Task description :: Beneath this task are records; print exactly the stretch of them from the line with "Amalthea 7,5 x" through the line with "Kwa mujibu wa", both ends included.

Given entries ::
--- --- ---

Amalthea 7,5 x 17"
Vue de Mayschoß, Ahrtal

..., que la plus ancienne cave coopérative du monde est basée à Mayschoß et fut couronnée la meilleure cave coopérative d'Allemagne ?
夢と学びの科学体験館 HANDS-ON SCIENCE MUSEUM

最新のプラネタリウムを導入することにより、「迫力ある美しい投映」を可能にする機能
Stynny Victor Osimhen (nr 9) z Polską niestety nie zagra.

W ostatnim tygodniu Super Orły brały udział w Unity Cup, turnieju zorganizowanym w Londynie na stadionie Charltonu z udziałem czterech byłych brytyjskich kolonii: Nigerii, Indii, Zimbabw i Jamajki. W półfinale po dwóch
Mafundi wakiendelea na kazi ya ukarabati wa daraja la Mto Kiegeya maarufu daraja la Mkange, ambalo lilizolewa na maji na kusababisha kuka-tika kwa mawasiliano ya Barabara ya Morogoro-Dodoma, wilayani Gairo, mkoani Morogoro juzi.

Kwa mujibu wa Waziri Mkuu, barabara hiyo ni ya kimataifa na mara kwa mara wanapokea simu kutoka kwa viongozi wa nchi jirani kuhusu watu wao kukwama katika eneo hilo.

--- --- ---

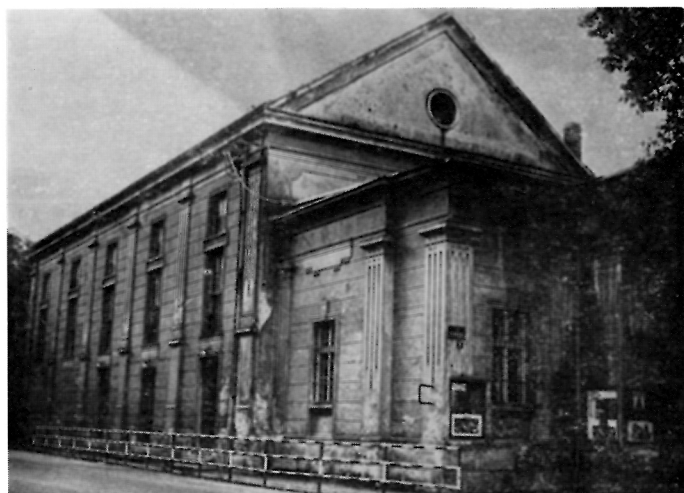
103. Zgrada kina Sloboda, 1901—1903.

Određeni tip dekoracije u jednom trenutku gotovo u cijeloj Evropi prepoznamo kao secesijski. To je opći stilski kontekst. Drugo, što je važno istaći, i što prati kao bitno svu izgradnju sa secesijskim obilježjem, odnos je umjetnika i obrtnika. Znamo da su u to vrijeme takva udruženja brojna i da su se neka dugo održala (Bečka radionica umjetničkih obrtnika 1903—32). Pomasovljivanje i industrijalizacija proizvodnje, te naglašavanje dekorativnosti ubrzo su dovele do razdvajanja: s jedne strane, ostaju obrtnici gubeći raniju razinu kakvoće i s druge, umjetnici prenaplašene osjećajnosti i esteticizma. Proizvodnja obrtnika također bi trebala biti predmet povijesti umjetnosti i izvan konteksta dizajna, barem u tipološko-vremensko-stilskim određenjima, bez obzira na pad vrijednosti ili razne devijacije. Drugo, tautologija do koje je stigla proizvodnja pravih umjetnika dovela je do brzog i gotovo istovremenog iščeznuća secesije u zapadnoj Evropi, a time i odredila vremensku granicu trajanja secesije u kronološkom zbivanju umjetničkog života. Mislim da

--- --- ---

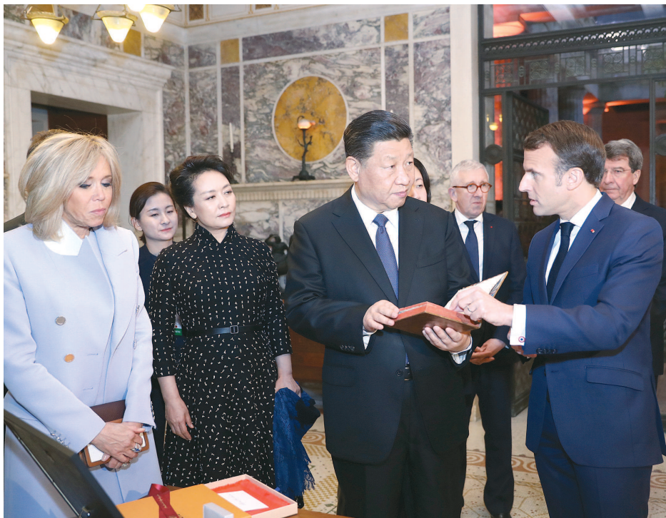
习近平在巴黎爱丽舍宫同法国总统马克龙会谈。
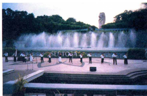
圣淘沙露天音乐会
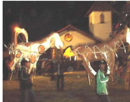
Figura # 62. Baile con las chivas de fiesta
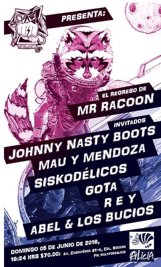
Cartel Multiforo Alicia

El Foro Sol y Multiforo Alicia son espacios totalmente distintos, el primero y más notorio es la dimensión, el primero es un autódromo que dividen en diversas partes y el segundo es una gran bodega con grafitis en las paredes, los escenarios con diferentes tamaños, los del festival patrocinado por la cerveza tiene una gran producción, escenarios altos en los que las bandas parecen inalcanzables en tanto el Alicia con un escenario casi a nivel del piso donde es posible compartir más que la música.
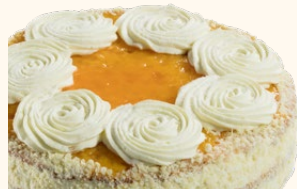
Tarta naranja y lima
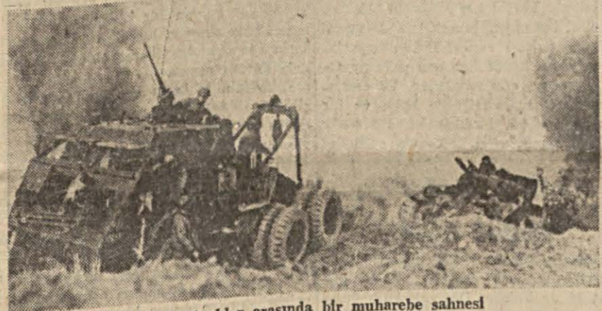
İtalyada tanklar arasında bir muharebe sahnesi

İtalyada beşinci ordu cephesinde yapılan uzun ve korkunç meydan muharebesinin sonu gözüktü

--- --- ---

Solution for this problem ::
Amalthea 7,5 x 17"
Vue de Mayschoß, Ahrtal

..., que la plus ancienne cave coopérative du monde est basée à Mayschoß et fut couronnée la meilleure cave coopérative d'Allemagne ?
夢と学びの科学体験館 HANDS-ON SCIENCE MUSEUM

最新のプラネタリウムを導入することにより、「迫力ある美しい投映」を可能にする機能
Stynny Victor Osimhen (nr 9) z Polską niestety nie zagra.

W ostatnim tygodniu Super Orły brały udział w Unity Cup, turnieju zorganizowanym w Londynie na stadionie Charltonu z udziałem czterech byłych brytyjskich kolonii: Nigerii, Indii, Zimbabw i Jamajki. W półfinale po dwóch
Mafundi wakiendelea na kazi ya ukarabati wa daraja la Mto Kiegeya maarufu daraja la Mkange, ambalo lilizolewa na maji na kusababisha kuka-tika kwa mawasiliano ya Barabara ya Morogoro-Dodoma, wilayani Gairo, mkoani Morogoro juzi.

Kwa mujibu wa Waziri Mkuu, barabara hiyo ni ya kimataifa na mara kwa mara wanapokea simu kutoka kwa viongozi wa nchi jirani kuhusu watu wao kukwama katika eneo hilo.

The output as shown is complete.